Maybe we have been working in a role that conflicts with our values. Maybe we have said yes too many times out of obligation. Maybe we have neglected our needs for connection, nature, creativity or solitude.

Healing means coming back to what truly nourishes us. This is where reflection, journaling and therapy or even quiet walks can become powerful tools.

Finally, healing burnout is not something we need to do alone. Connection is a vital form of medicine. Talking to someone you trust, seeking professional support or simply being part of a community where you feel seen can help dissolve the shame and isolation that burnout often brings.

We also need to acknowledge the broader systems that contribute to burnout. Work cultures that glorify overwork, educational environments that prize grades over curiosity, families that reward self-sacrifice over self-care – these are not neutral.

If we want to truly address burnout, we must challenge the conditions that create it, not just the symptoms it produces.

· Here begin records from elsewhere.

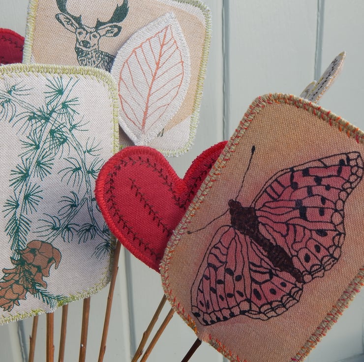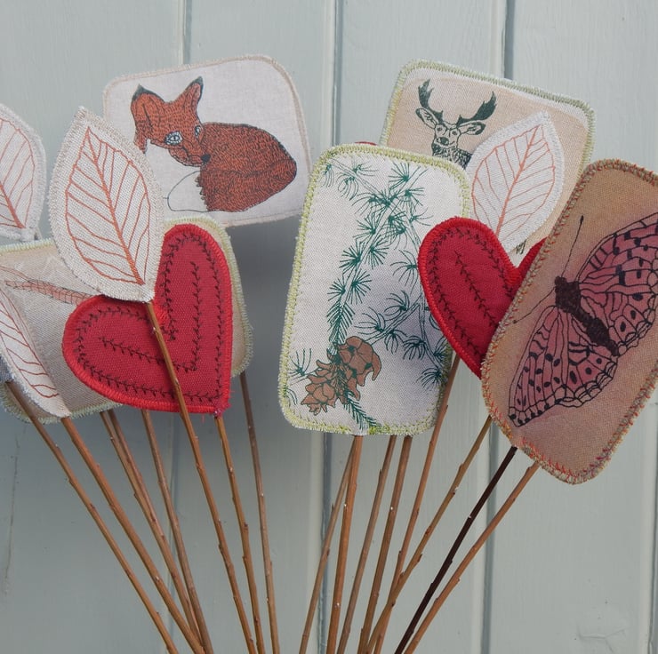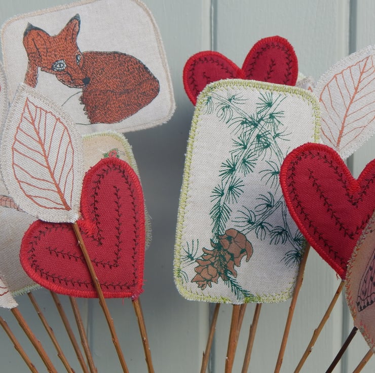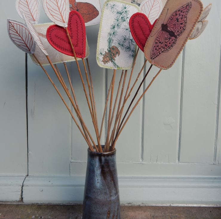 This is a bouquet of 16 fabric on willow creations. Each is double sided with interfacing for stability. They are all have running stitch and then a zig zig stitched finishing to ensure fraying is kept to a minimum. They are then hand glued onto willow which measures about 30 cm in length.
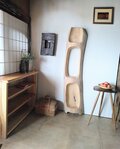 壁掛けタイプになっておりシェルフとして小物やお花をディスプレイして頂いたり、大胆な彫りの独創的デザインはオブジェのような作品でもあり空間のアクセントとして楽しめます。
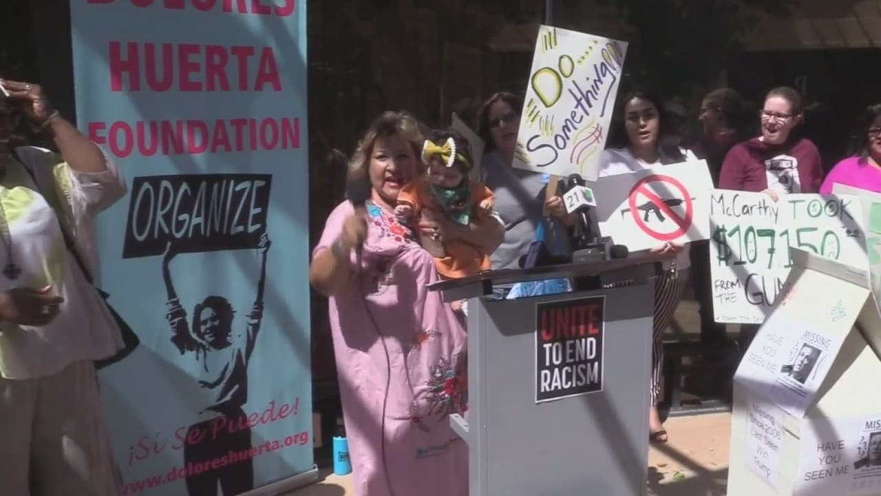 Los manifestantes, entre los que estaban incluidos miembros de la organización Dolores Huerta, aseguraron que algunos de los tiroteos han estado motivados por el odio racial y pidieron un control de armas.
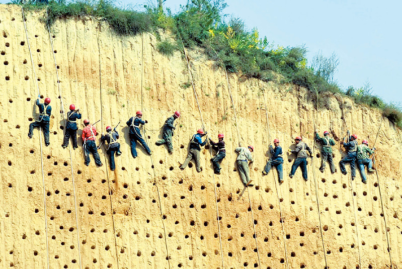 10月25日,太原市西山城郊森林公园,工人们像“蜘蛛人”一样吊在80多米高的边坡上栽种树苗。太原市将西山地区作为转型发展的示范区,将西山城郊森林公园作为综改试验区的标杆项目,各建设主体在绿化方面大力投入,把生态绿化与治理区域污染、地质灾害结合起来,峭壁绿化是一项主要而艰巨的工程。(第三届中国新闻摄影年赛新闻人物与肖像单幅铜奖)
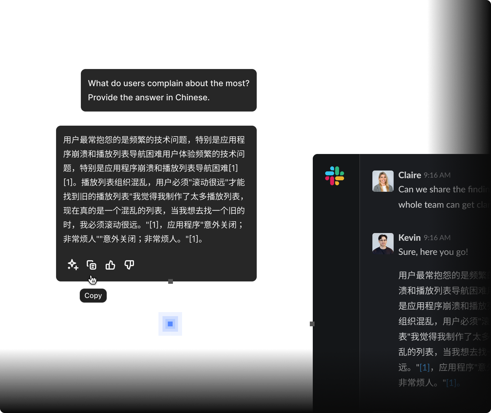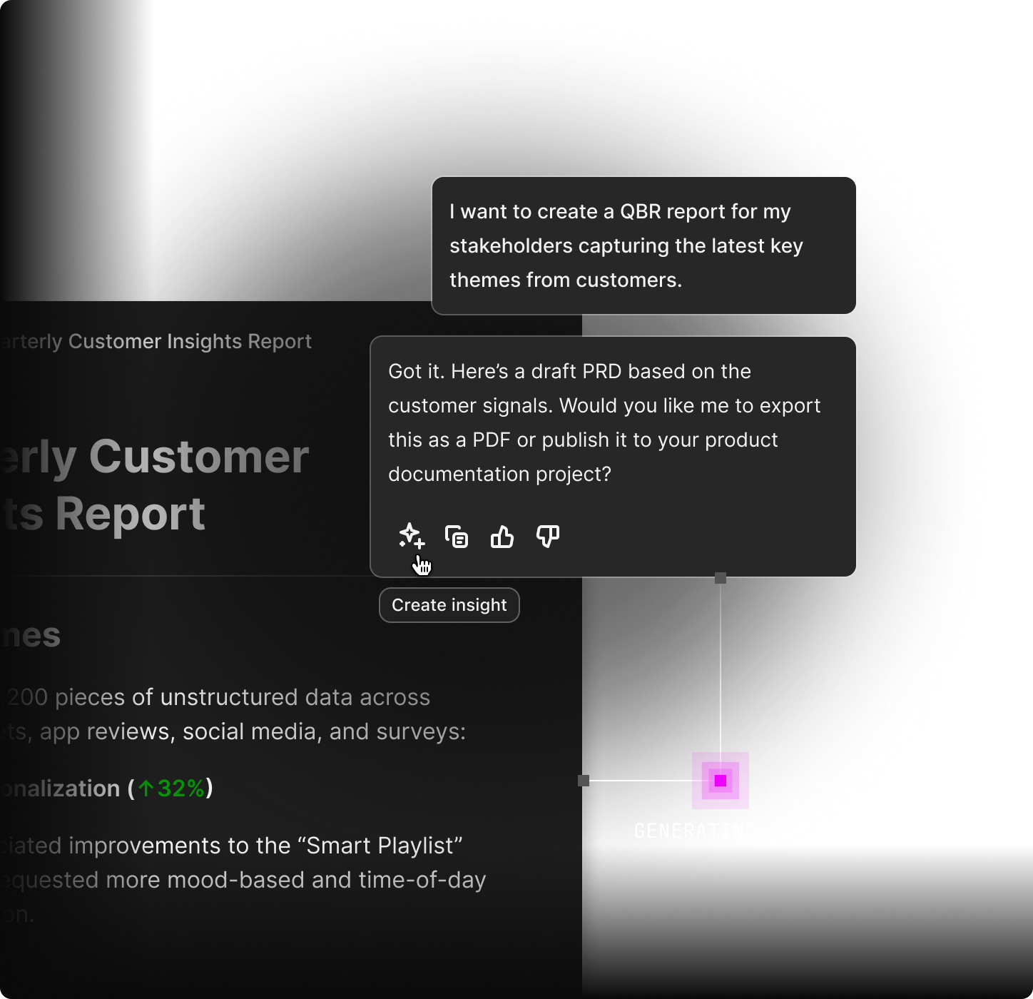 AI-powered chat and search, built for enterprise customer intelligence. Get instant answers grounded in your data—whether you’re in Dovetail, Slack, or Teams.

Burnout is not the end. It is a threshold. A turning point that invites us to do things differently – not just to recover but to regenerate.

To build a life that is not only sustainable but also soulful. A life where rest is respected, values are honoured and boundaries are clear.

A life where we are not constantly running on empty but moving with intention, clarity and care.

Dr Praveena Rajendra is a certified mental health and awareness practitioner specialising in narcissistic abuse recovery.